DATA TO PROCESS →
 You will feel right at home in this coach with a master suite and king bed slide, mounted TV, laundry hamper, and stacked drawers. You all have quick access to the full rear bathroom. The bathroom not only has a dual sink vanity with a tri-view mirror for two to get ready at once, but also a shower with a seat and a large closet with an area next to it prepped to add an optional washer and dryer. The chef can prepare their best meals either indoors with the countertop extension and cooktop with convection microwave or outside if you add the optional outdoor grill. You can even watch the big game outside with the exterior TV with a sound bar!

==

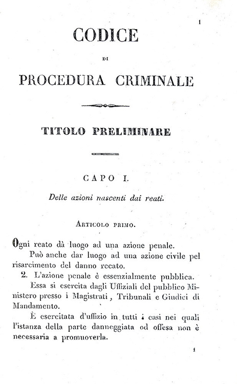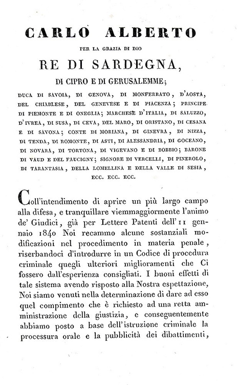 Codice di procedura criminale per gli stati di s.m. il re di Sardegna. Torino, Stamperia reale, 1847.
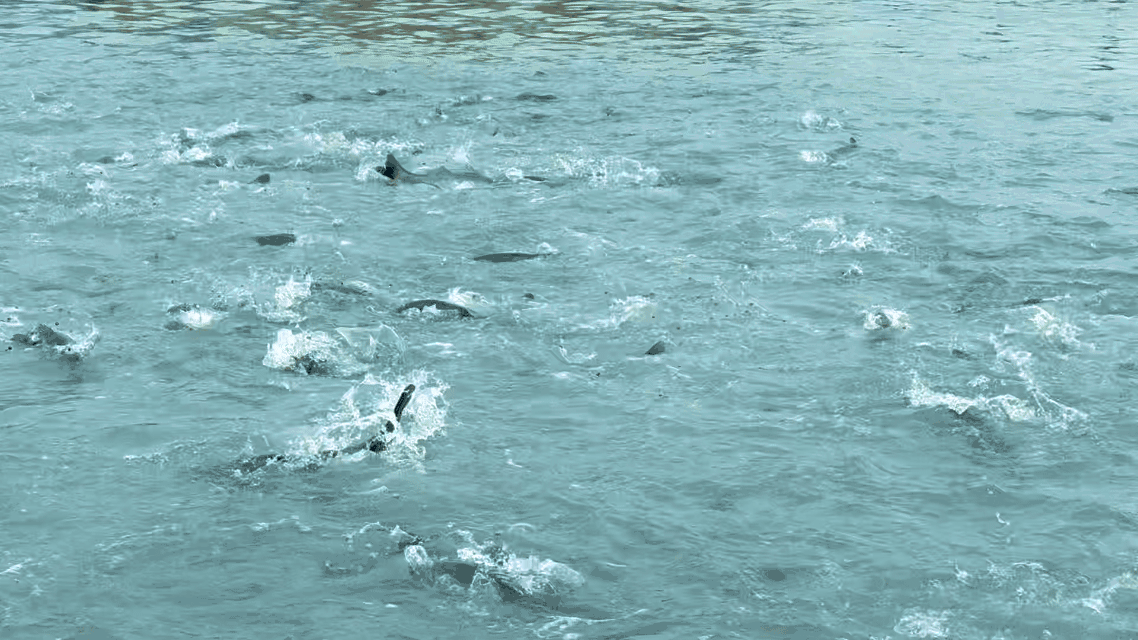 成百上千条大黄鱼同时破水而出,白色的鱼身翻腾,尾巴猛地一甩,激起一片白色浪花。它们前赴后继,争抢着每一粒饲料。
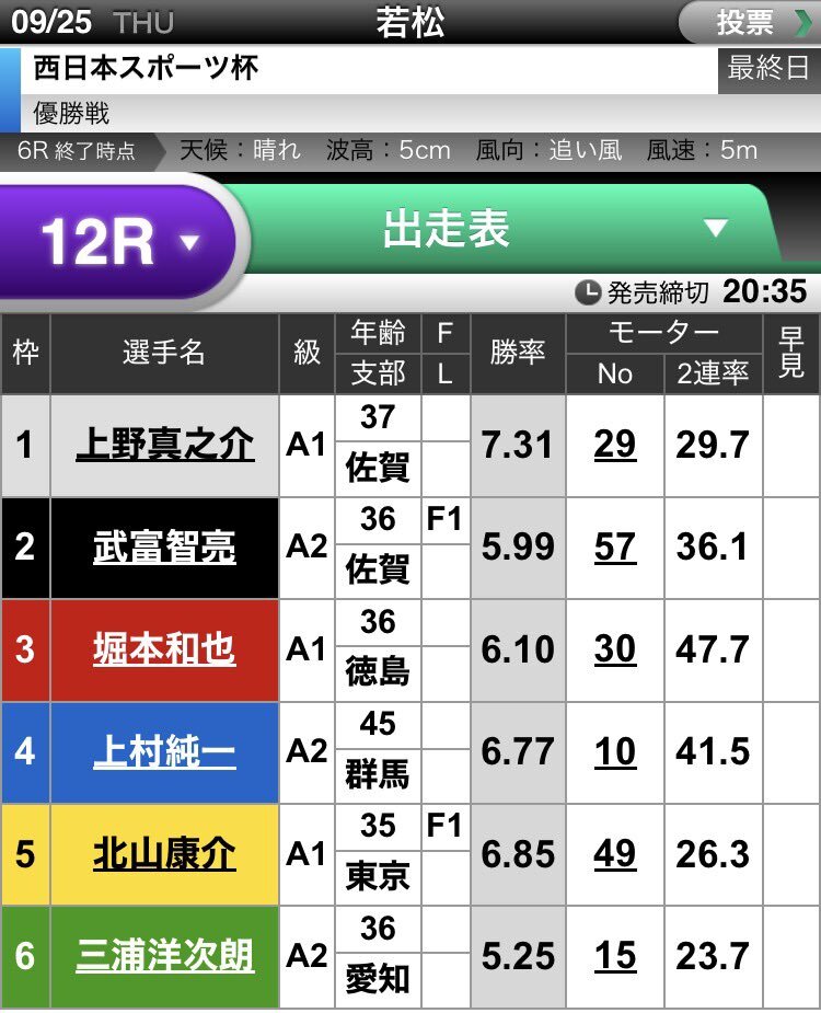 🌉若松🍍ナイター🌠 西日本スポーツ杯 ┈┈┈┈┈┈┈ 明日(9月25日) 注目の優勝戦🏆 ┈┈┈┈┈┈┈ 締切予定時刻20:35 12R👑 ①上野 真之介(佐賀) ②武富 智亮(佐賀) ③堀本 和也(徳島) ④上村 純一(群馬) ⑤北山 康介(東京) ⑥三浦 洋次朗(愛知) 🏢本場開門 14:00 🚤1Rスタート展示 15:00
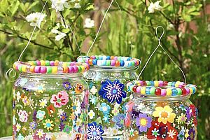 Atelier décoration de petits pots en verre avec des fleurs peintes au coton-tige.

EXERCISE AIM →
Give exactly the lines above that run from the line with "Codice di procedura" to the line with "Atelier décoration de", both included, leaving every picture out.

REPLY →
 Codice di procedura criminale per gli stati di s.m. il re di Sardegna. Torino, Stamperia reale, 1847.
 成百上千条大黄鱼同时破水而出,白色的鱼身翻腾,尾巴猛地一甩,激起一片白色浪花。它们前赴后继,争抢着每一粒饲料。
 🌉若松🍍ナイター🌠 西日本スポーツ杯 ┈┈┈┈┈┈┈ 明日(9月25日) 注目の優勝戦🏆 ┈┈┈┈┈┈┈ 締切予定時刻20:35 12R👑 ①上野 真之介(佐賀) ②武富 智亮(佐賀) ③堀本 和也(徳島) ④上村 純一(群馬) ⑤北山 康介(東京) ⑥三浦 洋次朗(愛知) 🏢本場開門 14:00 🚤1Rスタート展示 15:00
 Atelier décoration de petits pots en verre avec des fleurs peintes au coton-tige.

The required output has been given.